Quand on prétend juger un écrivain comme M. Edgar Quinet, quand on veut suivre dans toutes ses entreprises une pensée si active, si audacieuse, qui a touché à tant de choses et soulevé tant de passions, le meilleur moyen d’être juste, c’est d’avoir sans cesse présent à l’esprit le but idéal que l’écrivain s’est efforcé d’atteindre. Le simple exposé des faits devient alors un jugement ; son programme l’absout ou le condamne, suivant qu’il a marché vers son but ou qu’il s’est détourné de sa voie. Je veux appliquer cette critique à un homme que j’ai beaucoup connu, qui m’a inspiré un tendre respect, et que les plus graves dissentimens ne m’empêchent pas d’appeler mon maître et mon ami. Me sera-t-il possible d’être impartial ? J’ose le croire ; la critique dont je viens de parler est la seule équitable comme elle est la seule féconde. L’autorité qu’elle invoque ne saurait être contestée, le poète est son propre juge, et c’est pour ainsi dire sa conscience qui s’interroge elle-même.
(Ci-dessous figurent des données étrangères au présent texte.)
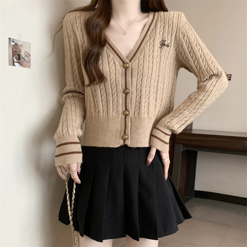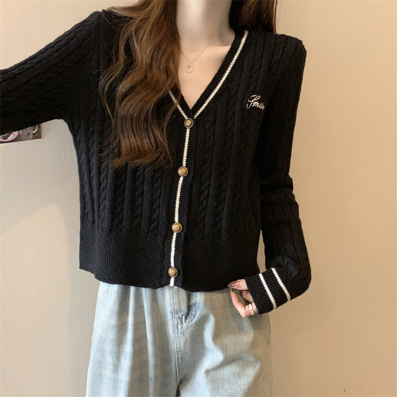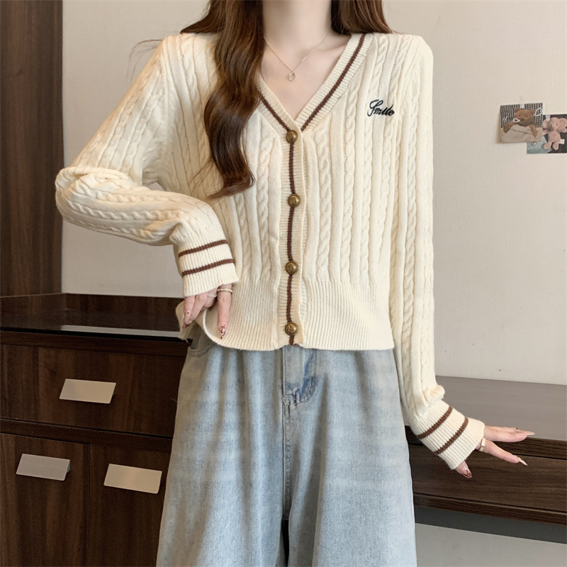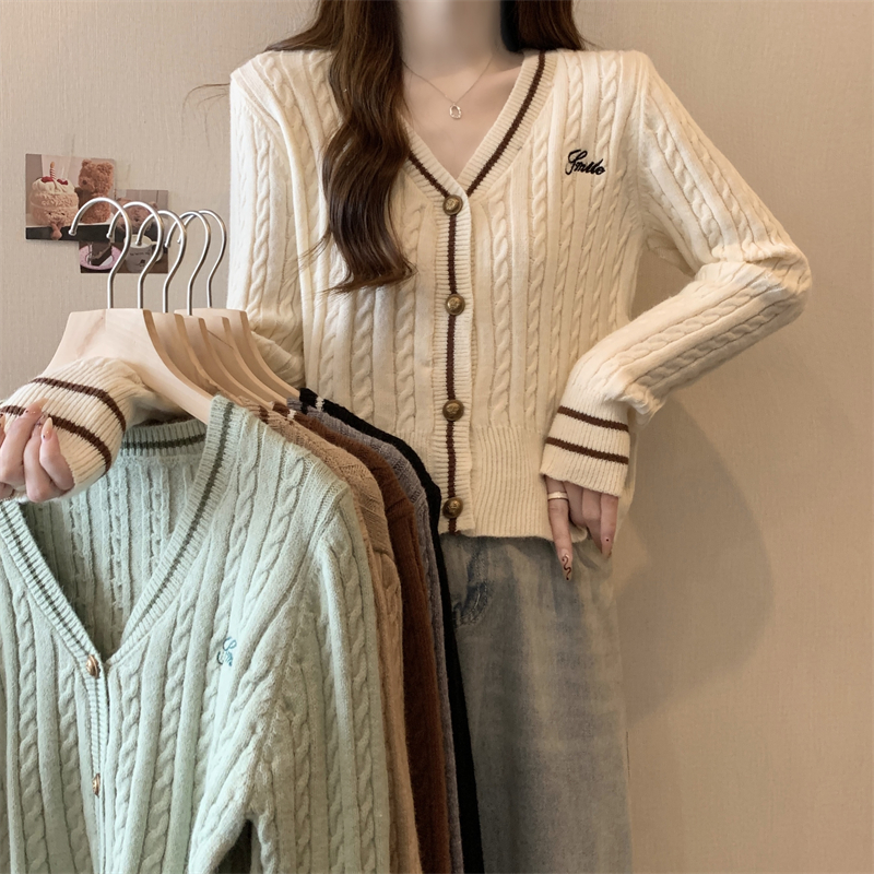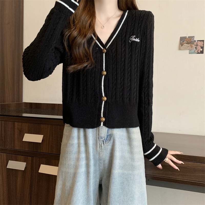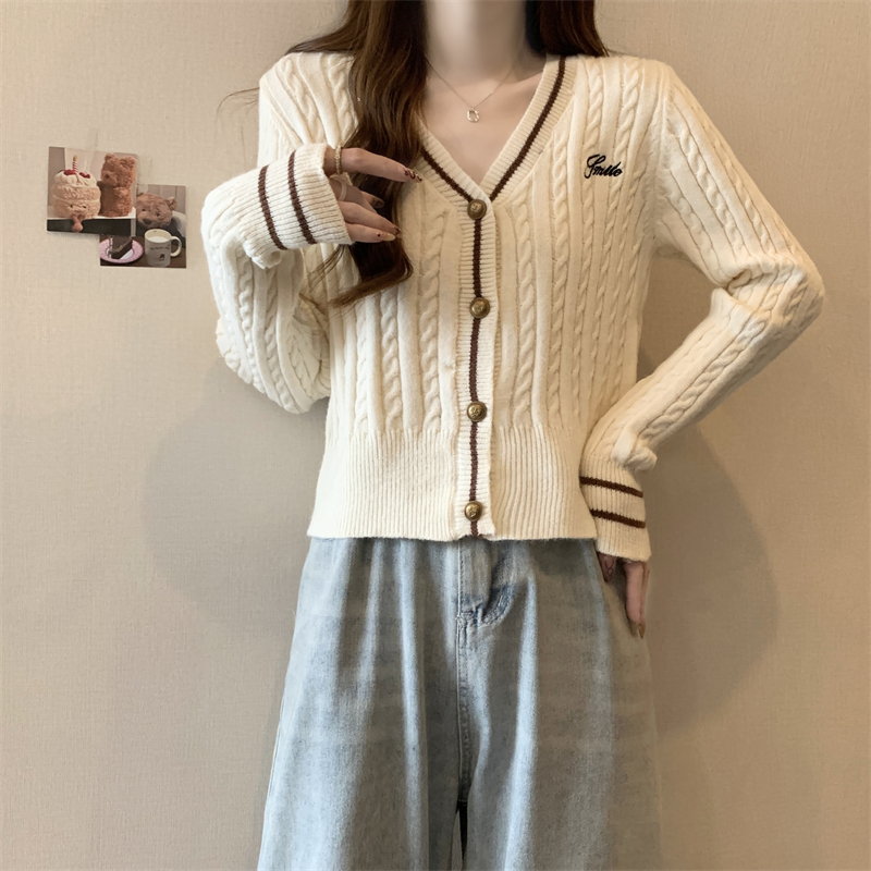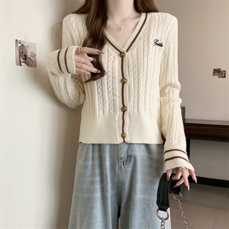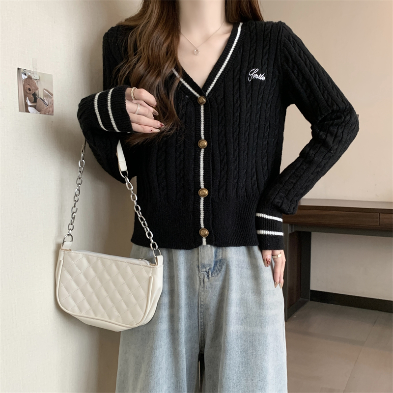 RM29581#学院风撞色针织开衫V领刺绣针织衫上衣

On a publié tout récemment les œuvres complètes de M. Edgar Quinet. Des mains amies se sont chargées de ce travail et l’ont accompli avec soin. Je regrette seulement que des préoccupations particulières aient un peu altéré dans cette édition le caractère général de la pensée de l’auteur. On a interverti les dates ; on a suivi un ordre de matières plutôt que le développement à la fois logique et passionné de ce rare esprit. D’après la distribution des ouvrages de M. Quinet dans ces dix volumes, l’impression qui résulte de la lecture n’est pas conforme à la vérité ; le publiciste, et surtout le publiciste de la dernière période, y domine le philosophe et le poète.